There are many types of DDoS protection. The essential traditional architecture for DDoS defense works as follows.
Flow data, complementary BGP and SNMP data, all based on incoming traffic flow are sent to a detection appliance inside the network infrastructure. The detection appliance identifies attacks and tells the network to direct traffic to a scrubbing or mitigation solution typically made up of deep packet inspection appliances, which may be on-premises, in the cloud, or within a hybrid cloud combination.
The hybrid cloud approach allows for overflow traffic in the event of a DDoS attack or legitimate traffic spike which is too heavy for the on-premises device to handle to be sent on-demand to a cloud scrubbing center. This approach optimizes response time, price and enables a flexible approach to scale when necessary.
Protection appliances in the cloud can offer vast amounts of capacity to protect against volumetric attacks, such as the recent memcached DDoS attacks we’ve seen. The appliances block high packets-per-second attacks that overuse the CPU resources of networking and security equipment; and maintain the user experience for legitimate users, keeping businesses online.
Other approaches to DDoS mitigation include Remote Triggered Black Holes (or RTBH) to drop traffic going to certain IP addresses.
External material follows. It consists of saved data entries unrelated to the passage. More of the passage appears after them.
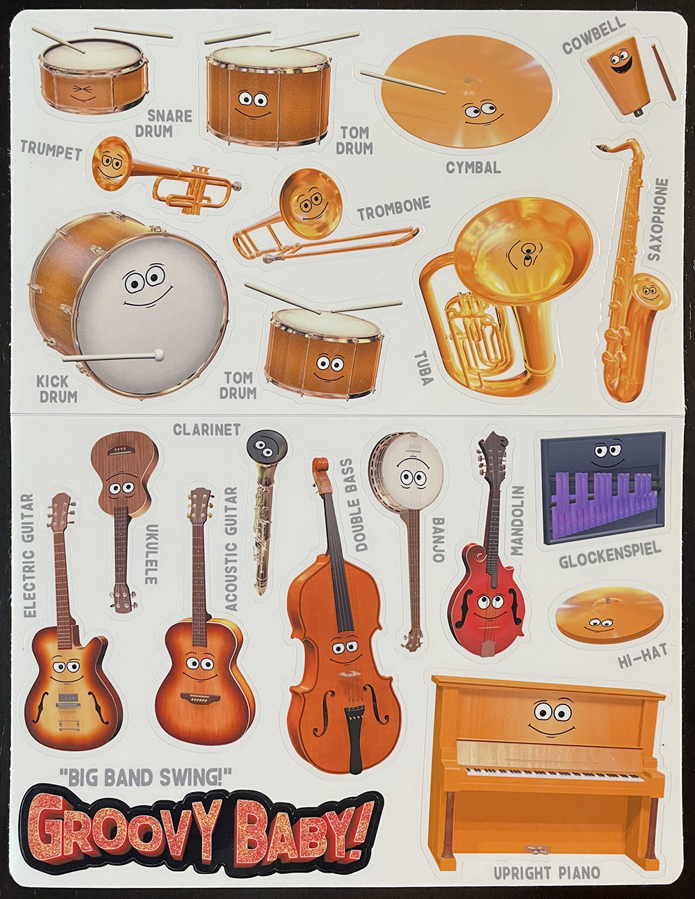 This sticker sheet features the instruments from the Groovy Baby music video "Big Band Swing!"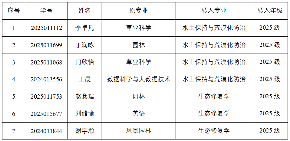 根据学校《关于开展2025-2026学年本科生转专业工作的通知》要求、依据《西北农林科技大学本科生转专业实施办法》(校教发〔2025〕256号)及《水土保持科学与工程学院本科生转专业考核办法》,经学生申请、转出学院同意、学院考核等程序,现将2026年转专业拟录取名单公示如下: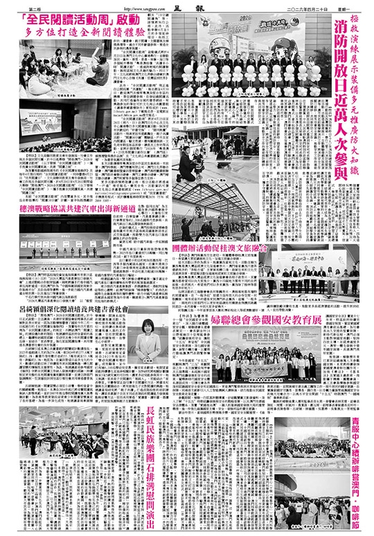 【特訊】消防局於昨日(十九)在消防局總部暨西灣湖行動站及西灣湖廣場,舉行二零二六消防局開放日活動。活動透過裝備展示、互動體驗遊戲及拯救演練等,讓市民近距離暸解消防工作,將消防安全工作關口前移,提升社會安全意識,推動安全工作向事前預防轉移,共同做好防火工作。

This is mainly useful for retail ISPs who have a large number of individual subscribers who come under DDoS attack in the realm of online gaming. In these instances, a user’s traffic may be shut off for a temporary period in order to protect other subscribers from collateral damage. However, RTBH doesn’t tend to be used for protecting application servers or enterprise networks since RTBH genuinely leads to downtime i.e. the intention of the attacker. Therefore, the scrubbing type of mitigation is much more widely used.
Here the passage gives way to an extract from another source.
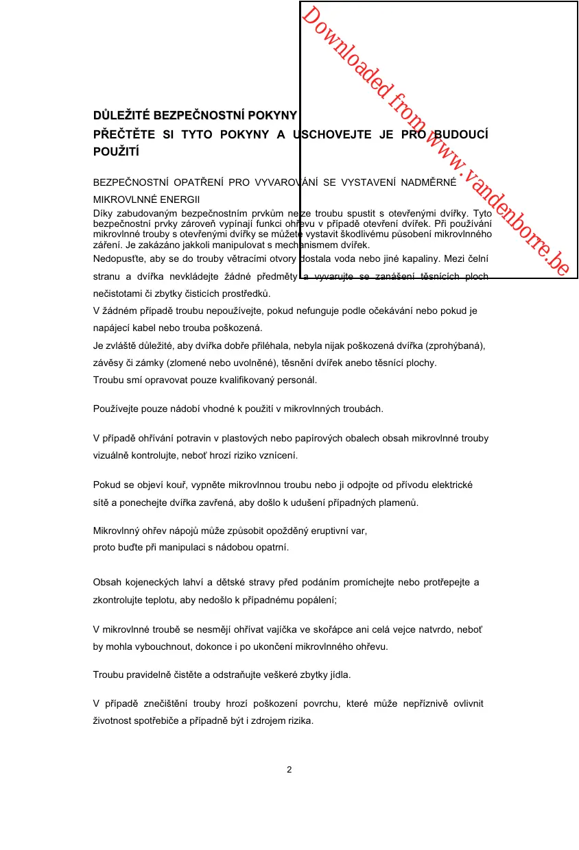VAROVÁNÍ: Jakékoli servisní nebo jiné zásahy, v rámci nichž je nutno sejmout kryt chránící pĜed mikrovlnným záĜením, smí provádČt pouze oprávnČná osoba. VAROVÁNÍ: Tekutiny a jiné potraviny neohĜívejte v uzavĜených nádobách, mĤže dojít k jejich výbuchu.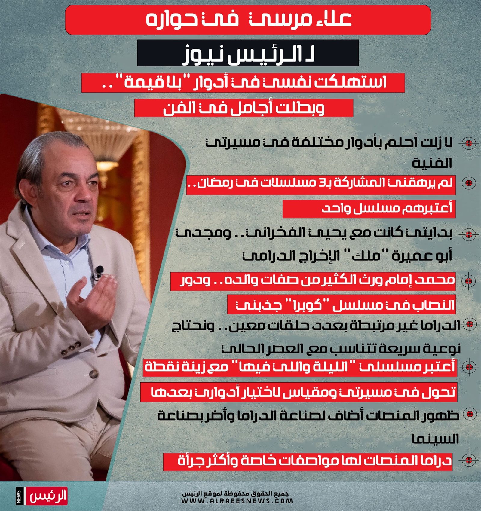 تحدث "الرئيس نيوز" مع الفنان القدير علاء مرسي، حول الأدوار التي قدمها وردود فعل الجمهور، بالإضافة للحديث عن حياته الشخصية وعلاقته بالوسط الفني، وتفاصيل أخرى كثيرة.

It is also possible to run all traffic through mitigation or scrubbing devices, either on-premises or in the cloud. However, many organizations cannot afford the cost of this kind of 24/7 service.
Hybrid cloud mitigation is utilized most frequently because it provides a balance of cost and protective effectiveness.
There are many different levels of sophistication when it comes to protection or detection appliances, and each mitigation service offers different options and levels of comprehensive protection.
Some DDoS detection appliances have come under attack recently for being outdated and inaccurate (many are based on fifteen year old computing architectures); and unable to perform reliable baselining. Baselining is the ability to respond to increasing volumes of traffic based on adaptive thresholds and a defined set of rules. Detection appliances tend to be able to only perform baselining against individual flow exporters, such as individual routers or switches. By relying on simple thresholds, attacks can be missed and manual configuration is required by operations personnel, which involves greater cost to the client.